Die Dardanellen, in der Antike und im Mittelalter Hellespọnt (griechisch Hellespontos) genannt, dienten schon im Altertum sowohl als Seeverbindung zwischen Ägäis und Schwarzem Meer wie auch - aufgrund ihrer geringen Breite - als Verbindungsglied zwischen Europa und Asien. Schon im 3. Jahrtausend v. Chr. war Troja, strategisch günstig 6 km landeinwärts am Eingang der Dardanellen gelegen, am Schnittpunkt der Land- und Seeverbindungen, ein wichtiger Platz für den Handel zwischen dem Balkan und Kleinasien. Im Verlauf der griechischen Kolonisationsbewegung wurde das Gebiet um die Dardanellen dicht besiedelt (8.-7. Jahrhundert v. Chr.). Die Kolonien, u. a. Lampsakos, Abydos, Sigeion, Kallipolis (Gallipoli, heute Gelibolu), Sestos, sollten die Handelsstraße ins Schwarze Meer sichern. 480 v. Chr. setzte der persische König Xerxes I. sein Heer auf einer Schiffbrücke über die Dardanellen, die nach den Perserkriegen unter die Kontrolle Athens gerieten, 405 v. Chr. aber wieder den Persern zufielen. 334 v. Chr. überbrückte Alexander der Große die Meerenge. Arabische Flotten drangen durch sie 668, 672 und 717 ins Marmarameer ein. Die Kreuzfahrer erzwangen die Durchfahrt 1203 (4. Kreuzzug). Um 1354 überquerten die Osmanen die Dardanellen und schnitten dadurch Konstantinopel vom Mittelmeer ab.

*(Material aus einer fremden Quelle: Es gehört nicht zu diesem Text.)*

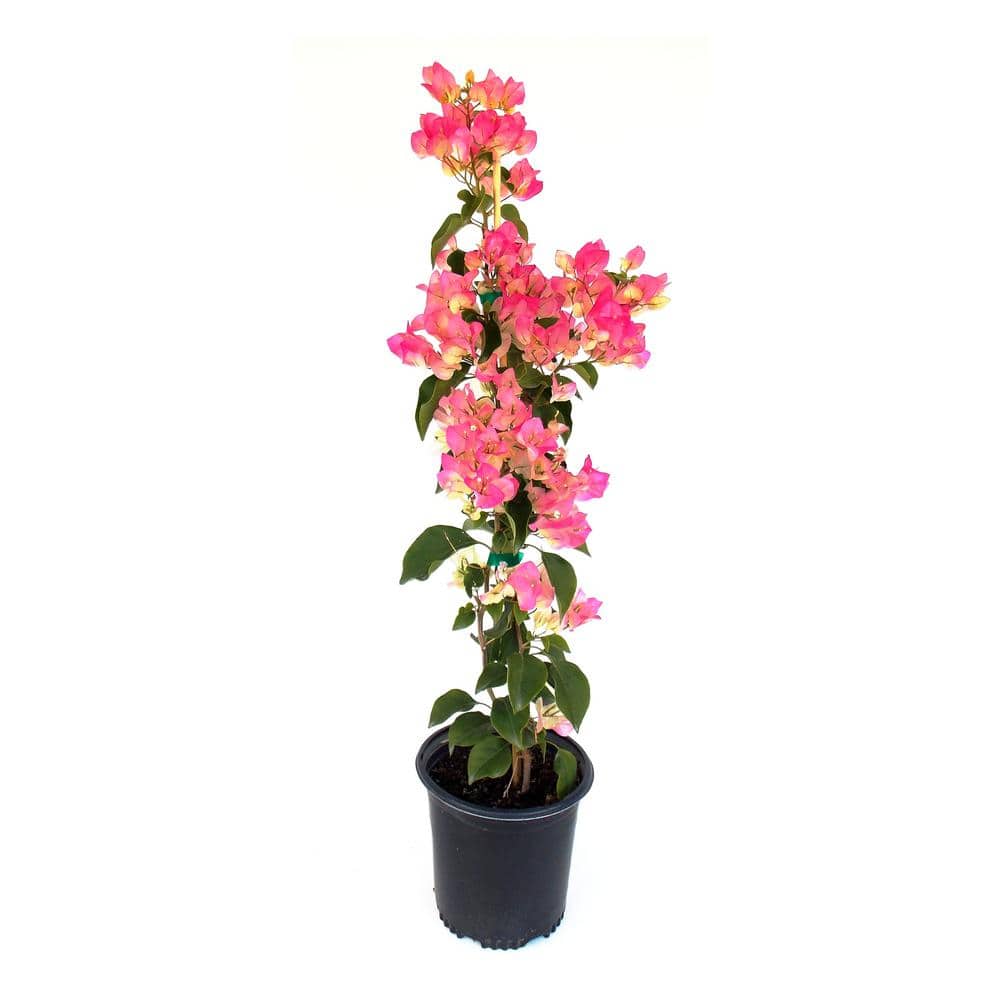 Bougainvillea ‘Thai Delight’ is a stunning variety known for its vibrant magenta-pink bracts that add a bold pop of color to any garden. This fast-growing plant thrives in full sun and well-drained soilcomma-sign making it ideal for trellisescomma-sign fencescomma-sign or containers. Thai Delight brings a tropical feel to landscapescomma-sign attracting butterflies and hummingbirds. Once establishedcomma-sign it is drought-tolerant and low-maintenancecomma-sign offering long-lasting color and beauty with minimal carecomma-sign making it a perfect addition to any outdoor space.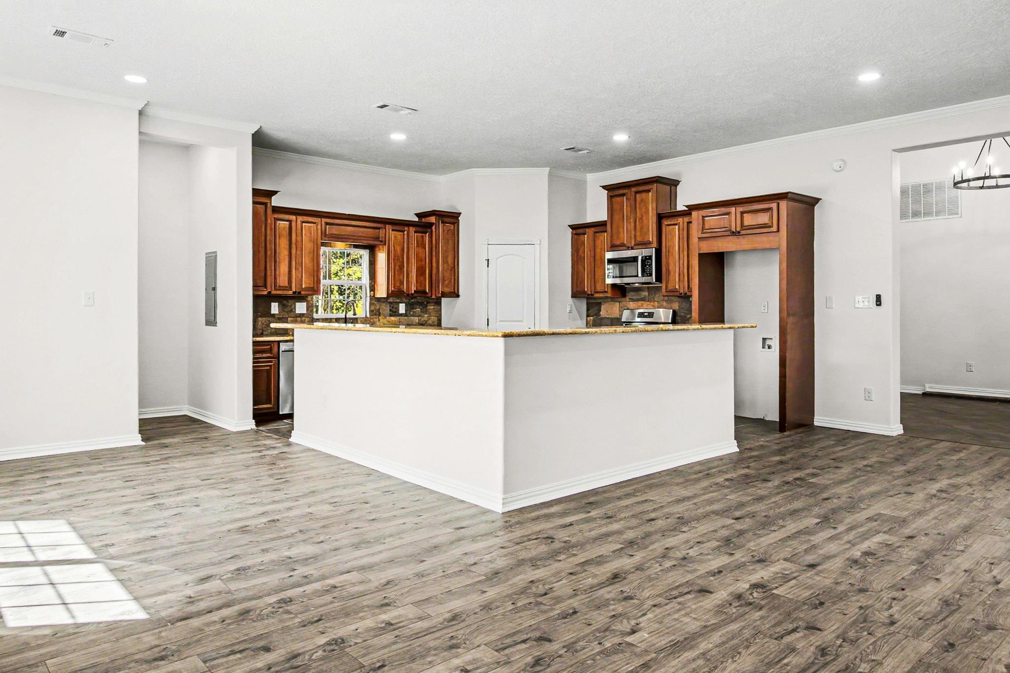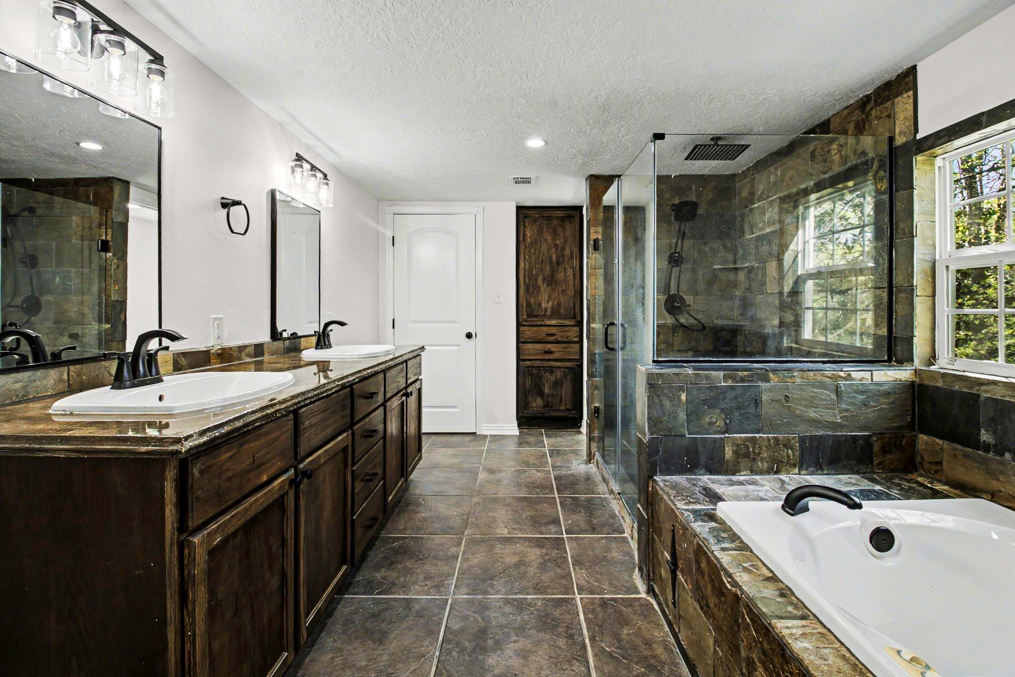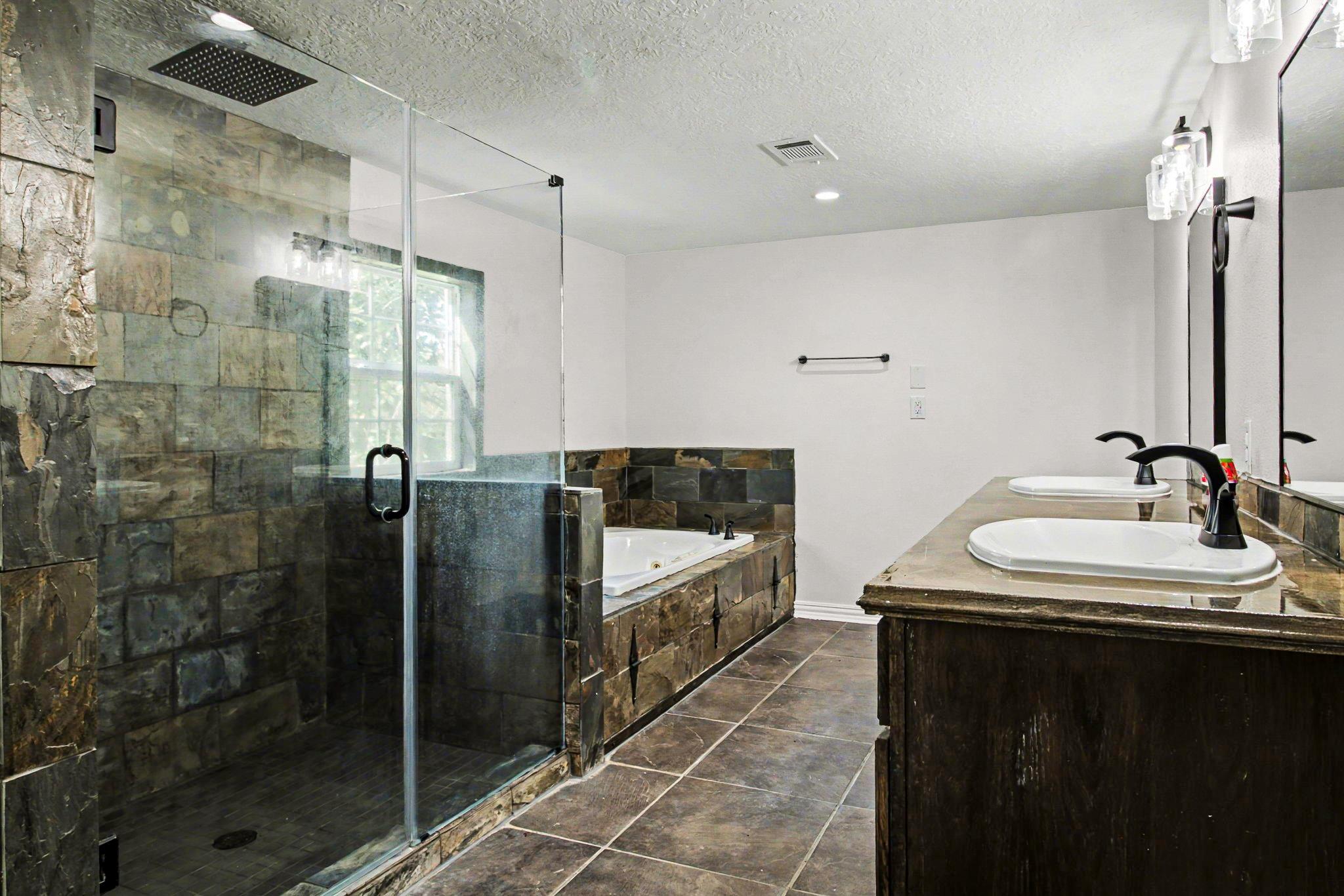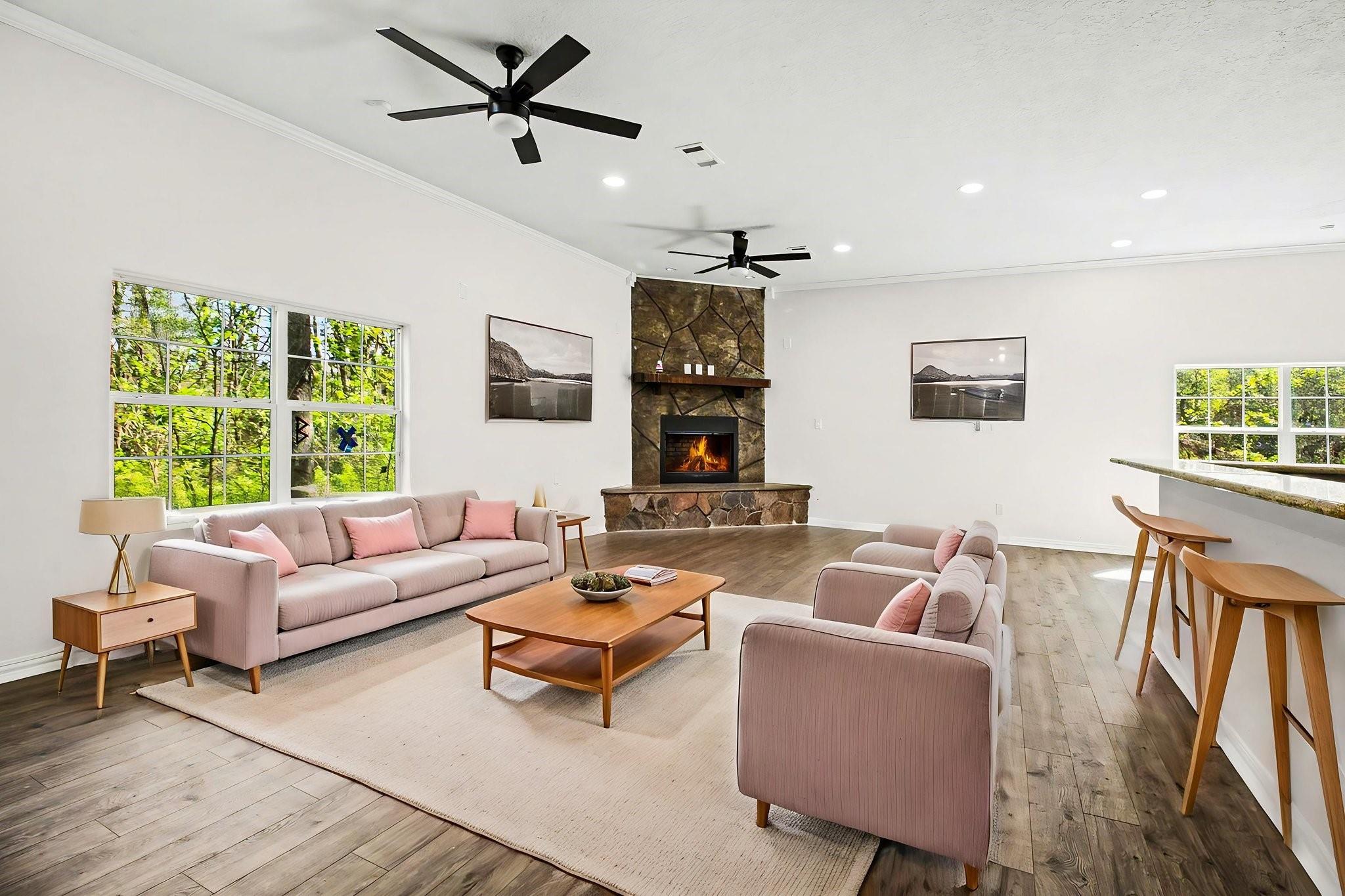 This Home is a Showplace on 5.75 Acres with Pond and Creek! Stone Archway welcomes you to Impressive 14' Entry Foyer. Inviting Ranch Style Open Concept Living. Huge Family Room w/Crown Molding, Stone Corner Fireplace. Massive Island Kitchen featuring Wrap Around Breakfast Bar, Gorgeous Custom Cabinetry with Granite Countertops, Stainless Appliances, GE Gas Range, New Fixtures, Abundant Cabinetry Storage, Counter Work Space and Walk-In Pantry. Designed for Entertaining and Family Living. Primary Ensuite has French Doors to Private Patio, Huge Walk-In Closet, Bonus/Flex Room ideal for Office-Nursery-or 4th Bedroom - Primary Bath features Double Vanities, Jetted Tub, Glass-Tile Shower. Private Drive and Wooded Acreage for Privacy with your Own Pond for Fishing or Sitting to Enjoy. Creek runs thru Property. Just 5 Minutes to Livingston Shopping, Restaurants.

Nach dessen Eroberung (1453) befestigten sie die Dardanellen. Das um 1470 von Mehmed II. gegründete Sultansschloss Çanakkale, auf das der türkische Name für die Dardanellen zurückgeht, wird in italienischen Seekarten Dardanelo genannt (nach der südlich gelegenen antiken Stadt Dardanos); danach erhielt die Meerenge den Namen Dardanellia. Gegen Ende des 17. Jahrhunderts wurden die Befestigungsanlagen ausgebaut und mit Geschützen bewehrt.
 
Der Einbruchsversuch einer russischen Flotte am 26. 7. 1770 misslang (Russisch-Türkischer Krieg 1768-74, Türkenkriege). Dagegen konnte eine britische Flotte am 19./20. 2. 1807, allerdings erfolglos, bis in die Nähe Konstantinopels vorstoßen. Darauf schloss die Türkei mit Großbritannien 1809 einen Vertrag, der allen nichttürkischen Kriegsschiffen die Durchfahrt versagte und der durch den Dardanellenvertrag (Meerengenvertrag) der fünf Großmächte (Großbritannien, Frankreich, Russland, Österreich, Preußen) am 13. 7. 1841 sowie durch den Pariser Frieden 1856 bestätigt wurde. Auch für Handelsschiffe wurde bei Nacht die Durchfahrt gesperrt; 1864-77 erfolgte eine Neubefestigung. Nach russischen Versuchen 1891, die Durchfahrt zu erzwingen, kam es zu einer Abmachung, die die Meldung russischer Soldaten auf Handelsschiffen zur Pflicht machte.
 
Bei Beginn des Ersten Weltkrieges waren die Befestigungen in mancher Hinsicht veraltet. Trotzdem gelang es den Türken mit deutscher Hilfe, britisch-französische Angriffe nach anfänglichen Verlusten (9.-25. 2. 1915; Liman von Sanders) erfolgreich abzuschlagen. Auch Landangriffe auf Gallipoli (seit 25./26. 4. 1915) endeten am 19./20. 12. 1915 mit einem alliierten Misserfolg. Bei der Abwehr zeichnete sich Kemal Atatürk aus. Die Dardanellen blieben in türkischer Hand. Der Friede von Lausanne (24. 7. 1923 und das Abkommen von Montreux (20. 7. 1936 regelten die noch heute geltenden Durchfahrtsrechte (Meerengenfrage). Das Befestigungsverbot von 1923, überwacht von einer Internationalen Meerengenkommission, wurde 1936 wieder aufgehoben. Seitdem befestigte die Türkei die Dardanellen erneut.
 
 
O. Liman von Sanders: 5 Jahre Türkei (21922);
 K. Mühlmann: Der Kampf um die D. 1915 (1927);
 A. Moorehead: Gallipoli (London 1956);
 R. R. James: Gallipoli (New York 1965);
 J. Morf: Die D.-Frage an der Konferenz von Montreux 1936 (1977).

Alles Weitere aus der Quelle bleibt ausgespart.